那只小腳丫的皮膚發紅,皺巴巴的,看上去像初生嬰兒的腳。
向挽對嬰兒了解得不多,尤其是一年前引產后,她根本不敢看關于嬰兒的視頻或者照片,但她總感覺這只腳丫偏小。
席承郁的房間里怎么會有嬰兒小腳丫的照片,難道是他小時候的?
她將照片翻過來,背面寫了一個蒼勁有力的字:席
除此之外什么都沒有。
向挽又將照片翻回來看著那個小腳丫,旁邊的將軍把狗頭湊過來,學著向挽盯著照片嘴里發出低低的嗚嗚聲。
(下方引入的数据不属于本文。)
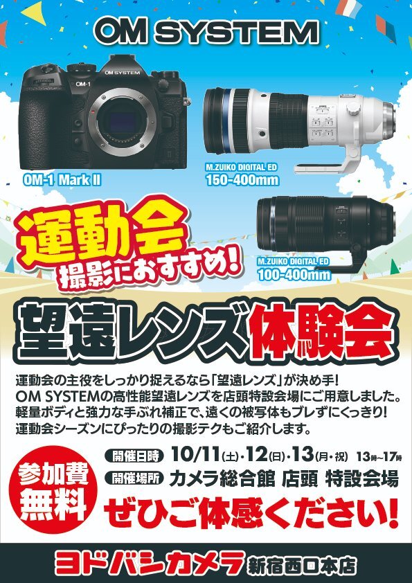 【望遠レンズ体験会開催📷】 今回は、OM SYSTEM「OM-1 MarkII」に 合わせて使える同社の高性能望遠レンズを ご用意いたします💁 運動会シーズンにピッタリな一品を ぜひご体感ください‼️ 🗓️10/11(土)~13(月・祝)13~17時 📍カメラ総合館 店頭特設会場 ➡️yodobashi.com/category/19055…+ pic.x.com/mUkc1mhgTu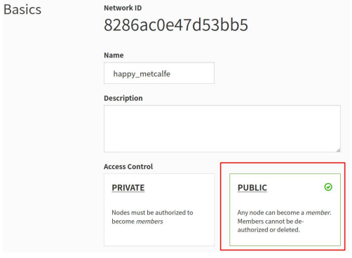 2) 点击进入网络控制台页面,可以把隐私选项设置为公共,这样加入的网络节点 就不需要验证

窗外的雨勢小了些,席公館是老式的洋房,窗臺做得高,雨滴被風一吹就會落在窗玻璃上,混著風聲窸窸窣窣的。
房門發出很輕的吱呀聲,砰的一聲關上!
“汪!”
將軍敏捷轉過身沖門口大叫一聲。
一道黑影站在門口光線照不到的地方。
向挽連忙從地上站起來,一手按著將軍的背,一手抓緊那張照片,被嚇了一跳呼吸帶喘,緊緊盯著那道黑影。
突然房間的燈光亮起。
向挽那句差點喊出口的“鬼”硬生生憋回去,驚魂未定地看著戴著無邊框眼鏡,目光幽深的席承郁。
將軍突然從向挽身邊跑過去,圍著席承郁轉了幾個圈。
席承郁意味深長地看著向挽,“今晚想睡這?”
“你誤會了,將軍不小心闖進來,我正要帶它出去。”向挽這樣說著,手拍了拍將軍的背,正準備出去。
可是席承郁仿佛沒聽見她的解釋,握住手杖邁開長腿走到她面前,“睡這也行,反正以前你總愛往我房間跑。”
他往前一步,獨屬于男性的荷爾蒙氣息包裹著向挽,她莫名感到一陣慌張,下意識往后一步。
可她的身體離床太近,腿撞到床邊,整個人往后跌,摔進偏硬的大床上,席承郁順勢將她壓在身下,扣住她想打人的手。
男人寬闊的肩膀如撼不動的銅墻鐵壁,向挽的手指緊緊攥著,那張照片在她手里被抓變了形。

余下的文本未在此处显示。